I am sure much of this appears negative and you are wondering if there are any positive affirmations or influence offered by God in this book. God says “if you follow his decrees, he will reward people by sending them rain so they can yield crops, grant peace in the land without war, and look on people with favor by increasing their numbers and keep his covenant with them. He will walk among you and be your God, and you will be his people.” Towards the end of the book I read the following passage which struck me as the harshest statement by God, which demonstrates He means business and do not cross him! Talk about scare tactics set to maximum!
“But if you will not listen to me and carry out all these commands, and if you reject my decrees and abhor my laws and fail to carry out all my commands and so violate my covenant, then I will do this to you: I will bring on the sudden terror, wasting diseases and fever that will destroy your sight and sap your strength. You will plan seed in vain because your enemies will eat it. If in spite of this you still do not listen to me but continue to be hostile towards me, then in my anger I will be hostile towards you and I myself will punish you for your sins seven times over. You will eat the flesh of your sons and the flesh of your daughters. I will destroy your high places, cut down your incense altars and pile your dead bodies on the lifeless forms of your idols, and I will abhor you. I will turn your cities into ruins and lay waste your sanctuaries, and I will take no delight in the pleasing aroma of your offerings.”

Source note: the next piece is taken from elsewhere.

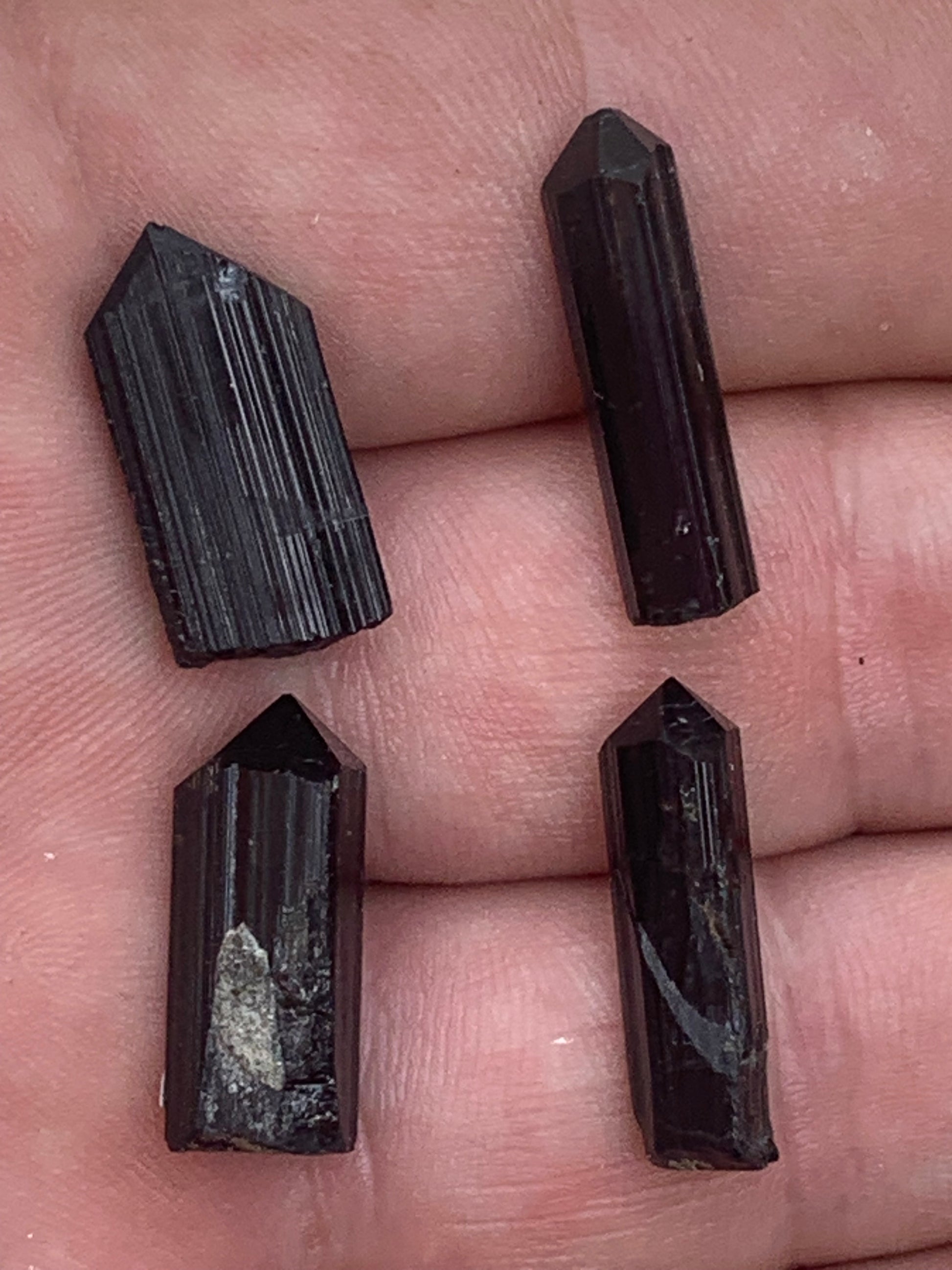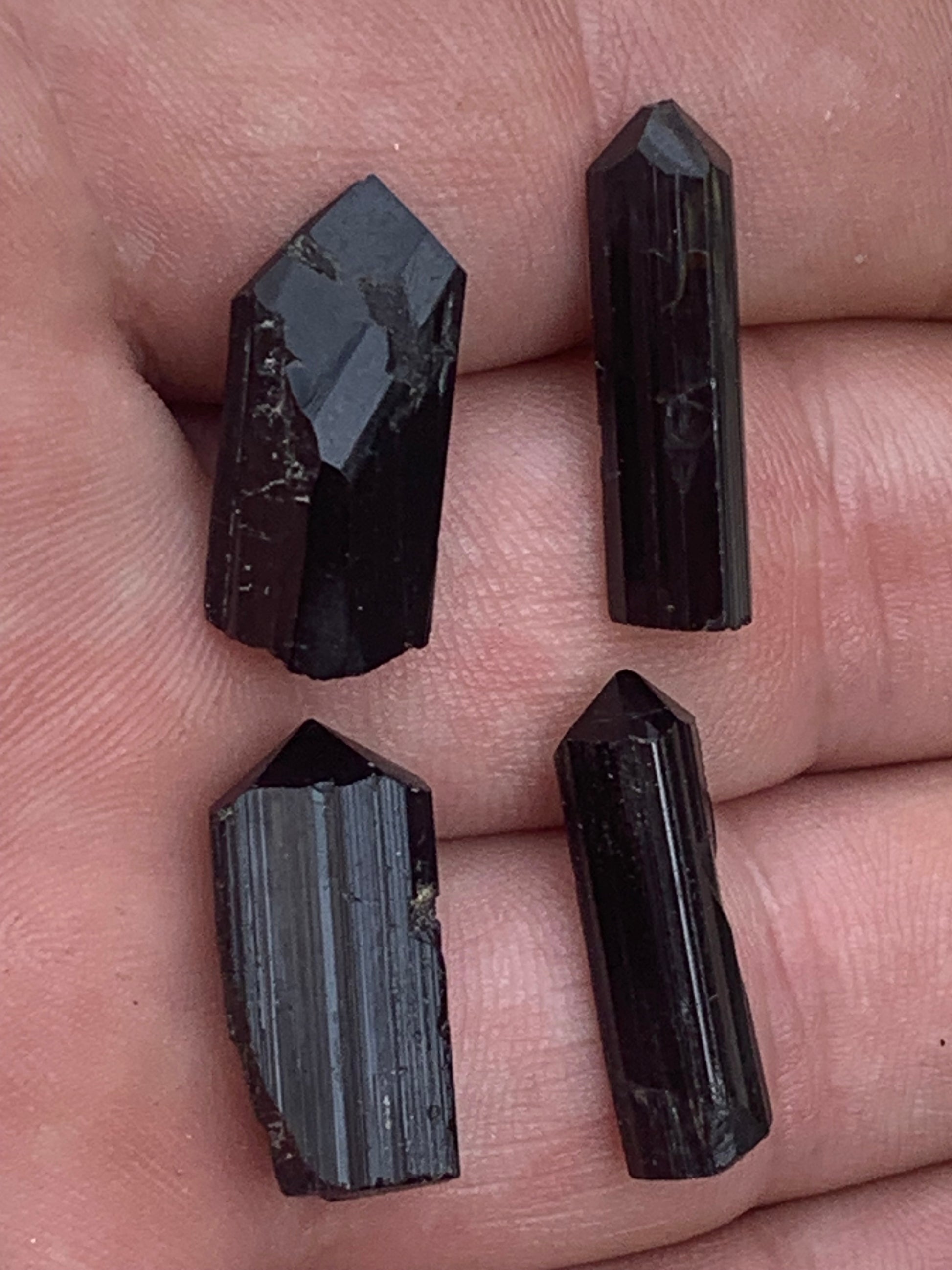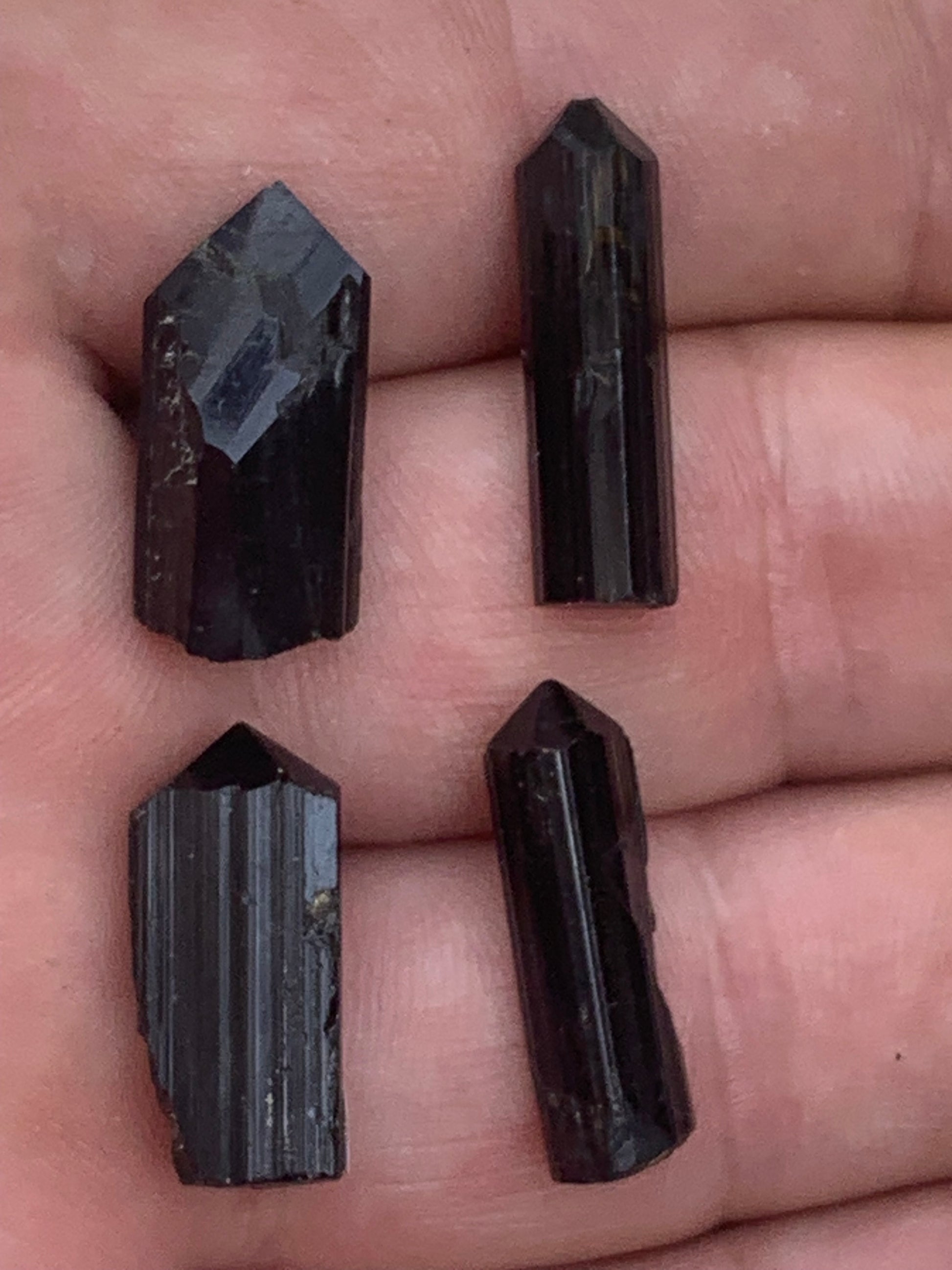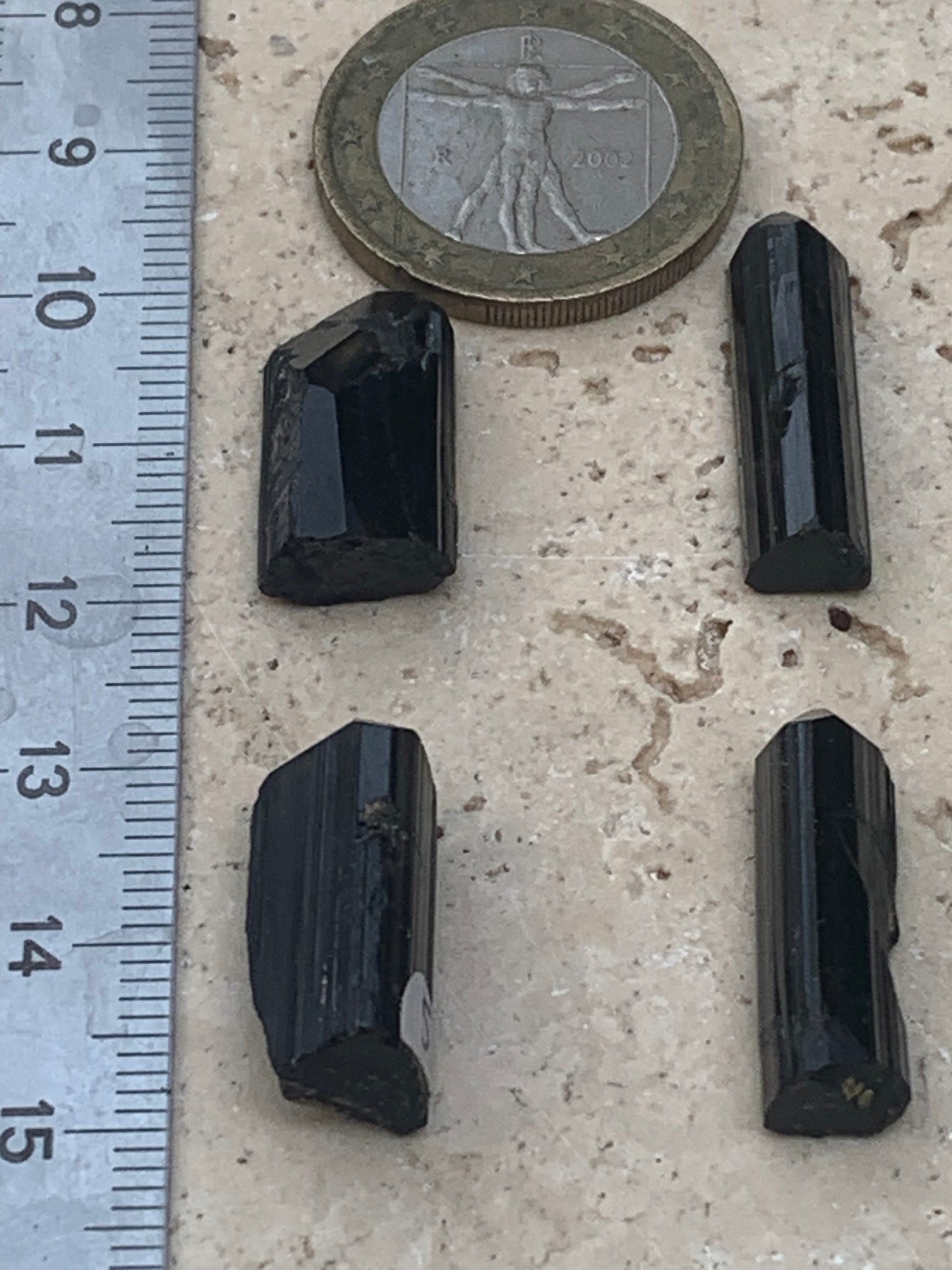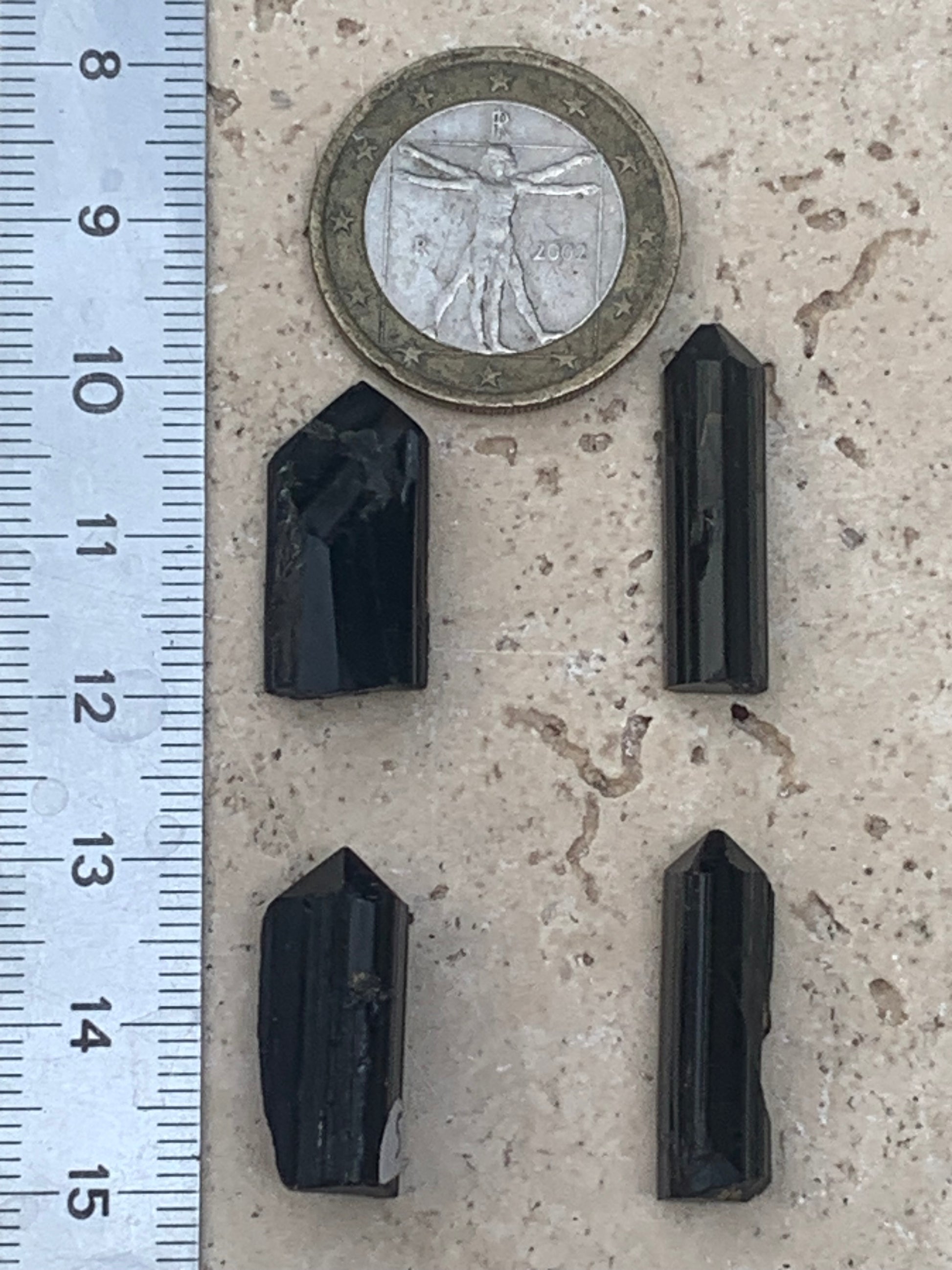 Tourmaline noire, pointes naturelles à 3 faces, 4 pièces au choix, de 20 x 6 x 5 mm - 2 grammes par pièce environ !

In summary this book didn’t appeal to me as much as Genesis and Exodus because it was more about rules and parameters for the Israelites, but from another perspective if you are creating a society and starting from scratch, guidelines are needed for order and to prevent chaos so this book was a necessity. God is basically a single parent dealing with his disobedient children while trying to keep the peace and raise them into responsible adults. He had Moses lead the Israelites from Egypt ensuring their freedom and offering them a promise land and instructed them how to build and craft the Tabernacle as a place of worship and sacrifice. God did all this out of love and devotion for His people and hoped like any parent that His children would reflect his attributes. Things do not goes as planned and He gets angry and frustrated, which is understandable. I am secretly hoping the Israelites get on board with the program; otherwise I am not sure this will end well for anyone.